Even though we are both earning fantastic salaries, we spend very little time together. He works long days, sometimes staying awake all night to design a plan. I’m still gone 60+ hours away from home when I’m working.

On New Year’s eve of 1994, I make a special date with my husband. I say, “You and me, New Year’s eve – 9 pm. I’ll cook a prime rib roast, put the kids to bed, and we’ll have a romantic dinner by the fireplace.” We have the date – Drink champagne and eat dinner by the fire. Just before midnight we conceive our 2nd daughter and fall asleep. Of course we didn’t know we conceived her at the time, but soon a few weeks later, we learned we had.

The stress level was building rapidly.

It was undetectable, yet growing. The stress in my husband’s life was also quite intense. Rather than being able to recognize what was happening and talk about it, we started blaming each other.

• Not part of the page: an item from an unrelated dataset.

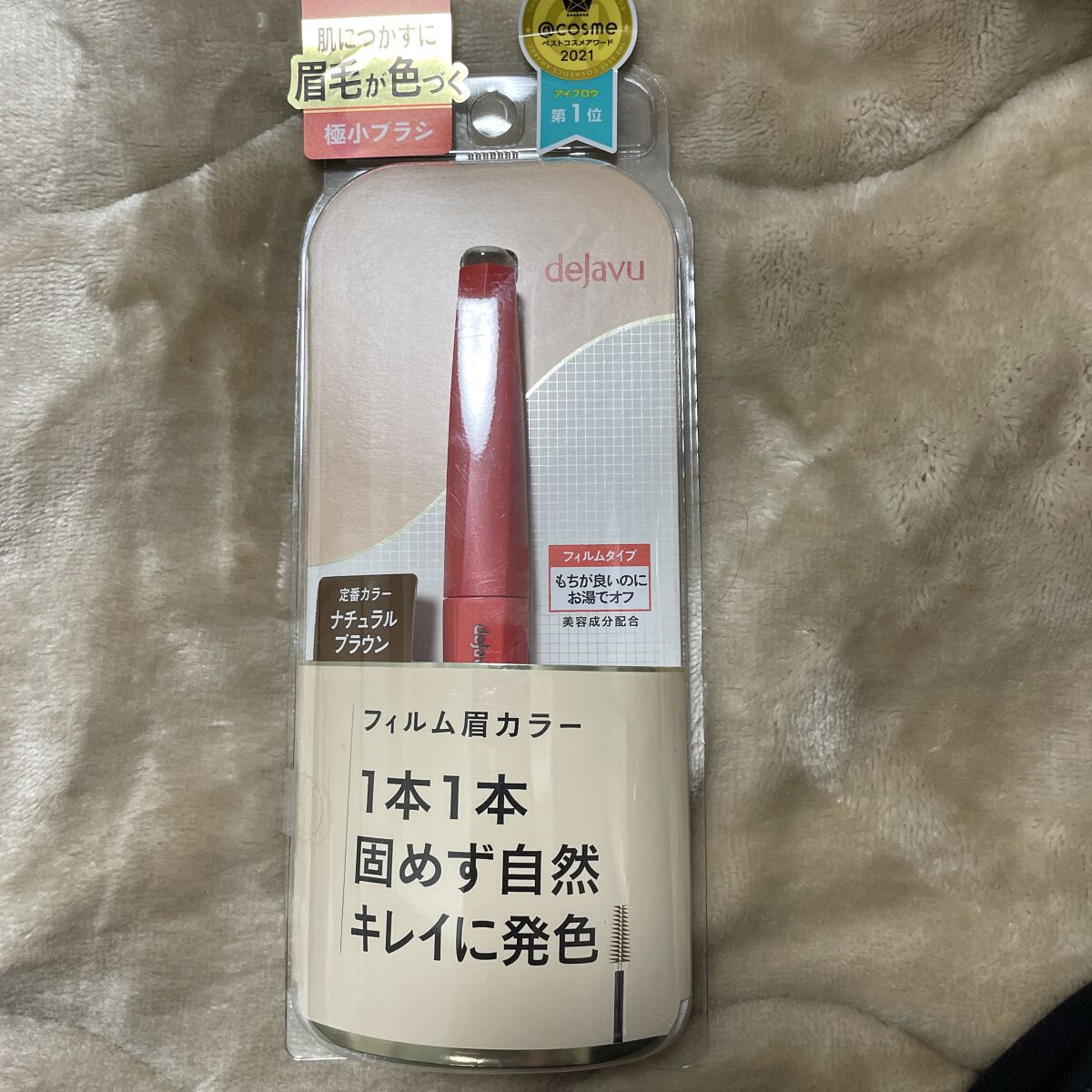 1本1本色づき固まらない「フィルム眉カラー」 塗りやすい極小ブラシで簡単垢抜け✨ デジャヴュ独自の薄膜フィルムを採用。 毛がパリッと固まらず、タバやダマのないふんわり自然な眉に。 フィルムタイプで速乾性が高く、皮脂・汗・こすれに強いのに、お湯だけで簡単に落とせます✨

I was over worked, over stressed, and needed help. We did have a live-in nanny who took care of the children, cooked, and cleaned for us, which helped a LOT! However, much of the day to day household responsibilities remained. Grocery shopping, paying bills, maintaining the swimming pool, doing yard work, car & boat maintenance still remained. And it all fell on my shoulders.

I ask for help.

I asked him to pay the bills. Write the checks and mail them. He didn’t want to. “It wasn’t a time consuming job”, he reasoned, “plus you’re better at it than me”, he said. I needed help doing yard work and taking care of the pool. He wouldn’t do it. His solution, “I’ll hire someone to do it.” In his mind that was the perfect solution.

As I look back, that probably really was the best he could do. He drove to pick up and return the nanny each week and that was a 2 hour round trip every Friday and Sunday night.

The gap widens.

As the stress continued to grow and lack of effective communication skills to use, the distance between us grew wider. We were both unhappy, had unmet expectations, felt it was the other person’s fault, and saw no solution to the problem. We argued a lot and didn’t resolve the issues. I felt angry most of the time, and didn’t treat him well. He was fed up with not feeling loved and wanted out.

During our 7th year of marriage, he tells me he wants a divorce. I’m blindsided and devastated.  I want to see a counselor, he doesn’t; but he agrees to go with me anyway – out of courtesy for my feelings.

Rebuilding after wanting to divorce.

Thank goodness, we met with the perfect counselor. He never told us what to do or what was wrong with our marriage. He asked questions. Skillfully crafted questions, designed to help us recognize that we were in love and that we did want to try and make it work.

This began the process of re-building our relationship. Things went well for several years.